** What the task asks **
Include in the reply only the lines from the start of the data below through the line containing "多年生攀援草质藤木,植株长5", reproduced exactly and with no pictures.

** Collected material **
----

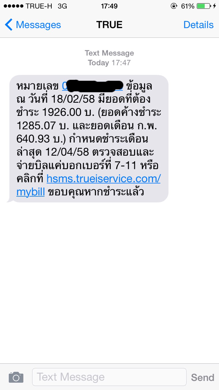 TrueMove H ช่วยปรับปรุงระบบ billing และ sms แจ้งยอดค้างชำระมั่วๆด้วยนะคะ
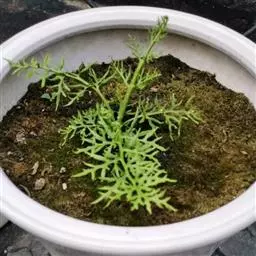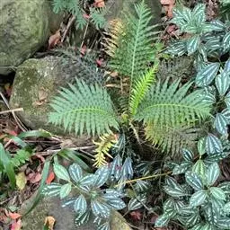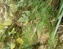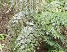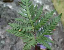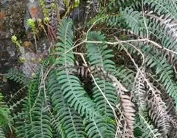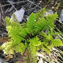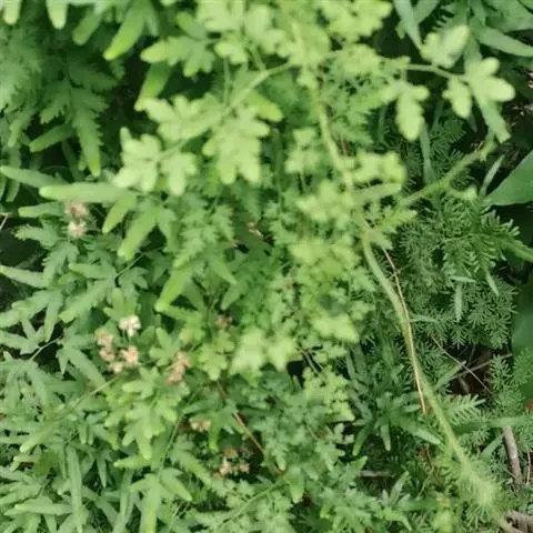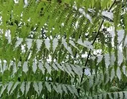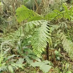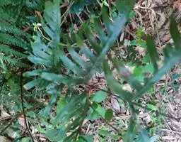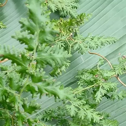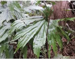 多年生攀援草质藤木,植株长5-6m。叶二型,厚纸质,羽片多数,对生,于叶轴的短枝上相距约25cm,短枝顶端着生一丛红棕色短柔毛;营养羽片生于叶轴下部,叶柄长4-4.5cm,柄先端具狭边,羽片掌状深裂,裂片6,披针形,长17-22cm,宽1.8-2.5cm,基部截形或阔楔形,全缘,有软骨质狭边,干后常向下面反卷。孢子羽片生于叶轴的上部,二叉掌状深裂至近基部,裂片与营养裂片同形,长20-30cm,宽2-2.5cm;叶脉分离,二叉状分枝直达叶缘。孢子囊穗褐色或绿褐色,线形,长2-5mm,紧密排列,有孢子囊5-6对;孢子淡黄色,四面型。
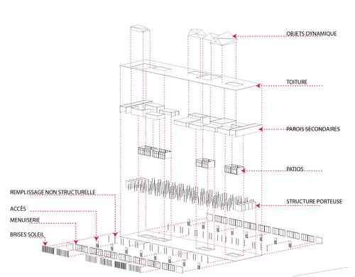 Une attention particulière est portée aux relations entre les différents éléments composant l’espace public. On offrant des espaces de qualité et en traitant la porosité ainsi que les articulations, flux, les percer visuelles, le travail urbain permet de désenclaver le site pour le rendre à la ville et lui donner une vocation et un nouveau souffle de vie.il laisse envisager un travail architectural tout en finesse pour arriver à dialoguer avec le contexte. le projet architectural est une véritable articulation urbaine au coeur du quartier, il joue un rôle de liaison à plusieurs échelles .

----

** Answer for this exercise **
 TrueMove H ช่วยปรับปรุงระบบ billing และ sms แจ้งยอดค้างชำระมั่วๆด้วยนะคะ
 多年生攀援草质藤木,植株长5-6m。叶二型,厚纸质,羽片多数,对生,于叶轴的短枝上相距约25cm,短枝顶端着生一丛红棕色短柔毛;营养羽片生于叶轴下部,叶柄长4-4.5cm,柄先端具狭边,羽片掌状深裂,裂片6,披针形,长17-22cm,宽1.8-2.5cm,基部截形或阔楔形,全缘,有软骨质狭边,干后常向下面反卷。孢子羽片生于叶轴的上部,二叉掌状深裂至近基部,裂片与营养裂片同形,长20-30cm,宽2-2.5cm;叶脉分离,二叉状分枝直达叶缘。孢子囊穗褐色或绿褐色,线形,长2-5mm,紧密排列,有孢子囊5-6对;孢子淡黄色,四面型。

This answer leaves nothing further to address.